In order to demonstrate the effectiveness of our ECFS-DEA, a simulated data consisting of 250 positive and 250 negative samples in a 40 dimensional space is constructed. 38 variables of them follow 38 normal distributions, each of which is independently and identically distributed and keeps a random mean value in range from 10 to 30 and a common standard deviation 0.01. The additional variable pair, i.e., miRNA-alternative 1 and miRNA-alternative 2, follows a bivariate normal distribution and has a clear category distinction. The mean vectors corresponding to positive and negative samples are (1,1)^T and (1.11,0.89)^T, respectively. Correspondingly, a same covariance matrix, which is expressed as $(\begin{matrix} 1 & 0.999 \\ 0.999 & 1 \end{matrix})$ , is kept.

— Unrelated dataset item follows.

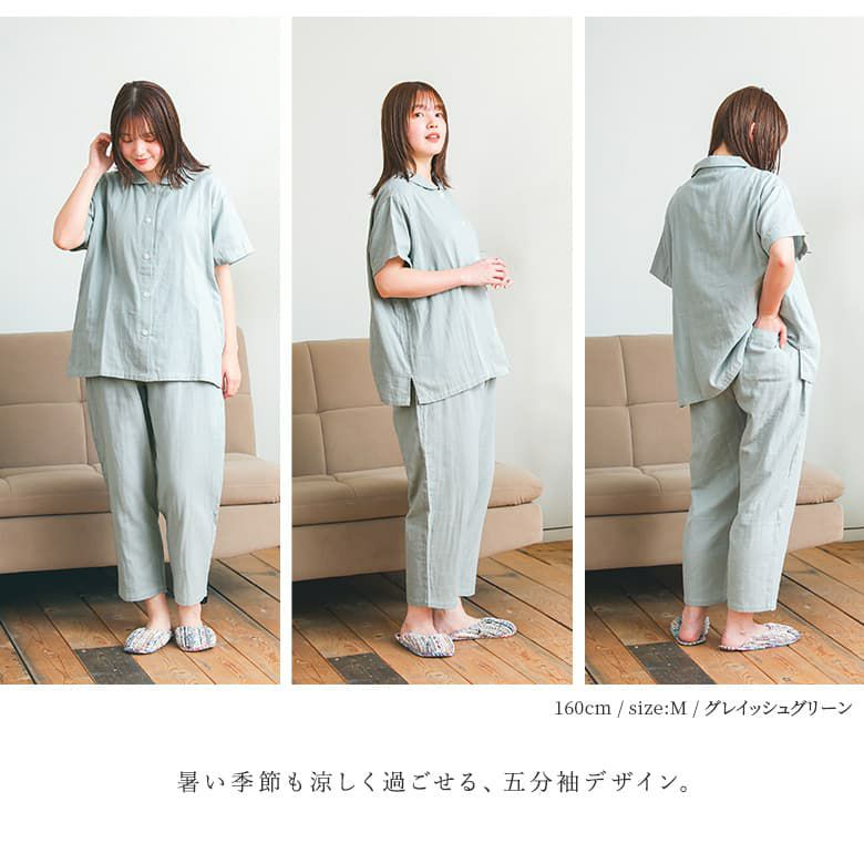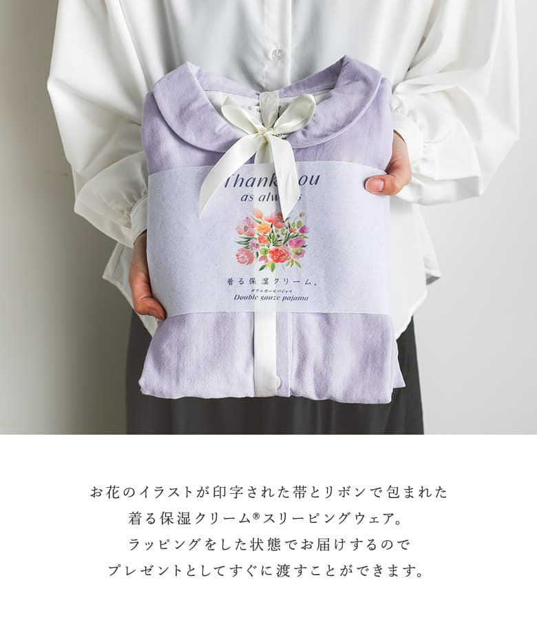 天然由来成分配合で乾燥からお肌を守ってくれる、5分袖前開きパジャマ[Thankyou帯+リボンラッピングタイプ]

We made this simulated data in order to show the effectiveness of using LDA compared to RF. Considering the comparability with real data, we made the sample size to be 500. This data can be downloaded at http://bio-nefu.com/resource/ecfs-dea.

Using ECFS-DEA with LDA assigned as the base classifier, the significant variable pair is properly selected on the training set according to the accumulation of variable importance after 500 rounds of resampling, as shown in Fig. 8a. Meanwhile, the corresponding 2-D scatter plot, the ROC curve and the projection heatmap of the testing group are illustrated in turn, as shown in Fig. 8b, c and d. It can be seen in Fig. 8b that the testing set is 2-D but not 1-D linearly separable. The corresponding ROC curve is shown in Fig. 8c. As to Fig. 8d, a discrete projection from the expression levels of the selected variable pair (i.e., the classification results) is made. Samples are reordered according to the k-means cluster results of the projection values. It can be seen in Fig. 8d that a sample labeled 0 is misclassified, which corresponds to the blue point within the points labeled red in Fig. 8b.

Fig. 8 — Feature selection and validation on the simulated data using LDA. a Feature selection in a scatter plot form. b The 2-D scatter plot. c The ROC curve. d The projection heatmap

Figure 9 illustrates the variable selection results using kNN (k =5) on the simulated data after 500 rounds of resampling. In Fig. 9a, miRNA-alternative 1 and miRNA-alternative 2 are also intuitively selected. Correspondingly, the scatter plot, the ROC curve and the projection heatmap are listed in Fig. 9b, c and d, which show the effectiveness of choosing kNN as the base classifier on the simulated data.

Figure 10 illustrates the variable selection results using RF on the simulated data after 500 rounds of resampling. As shown Fig. 10a, it is miRNA-null 35 but not miRNA-alternative 1 and miRNA-alternative 2 that is selected. And it is considered as a false selection. This directly demonstrates that RF is not applicable to any data with different sample distributions. Correspondingly, the scatter plot, the ROC curve and the projection heatmap of miRNA-null 35 are listed in Fig. 10b, c and d. All these results further demonstrate the above phenomenon.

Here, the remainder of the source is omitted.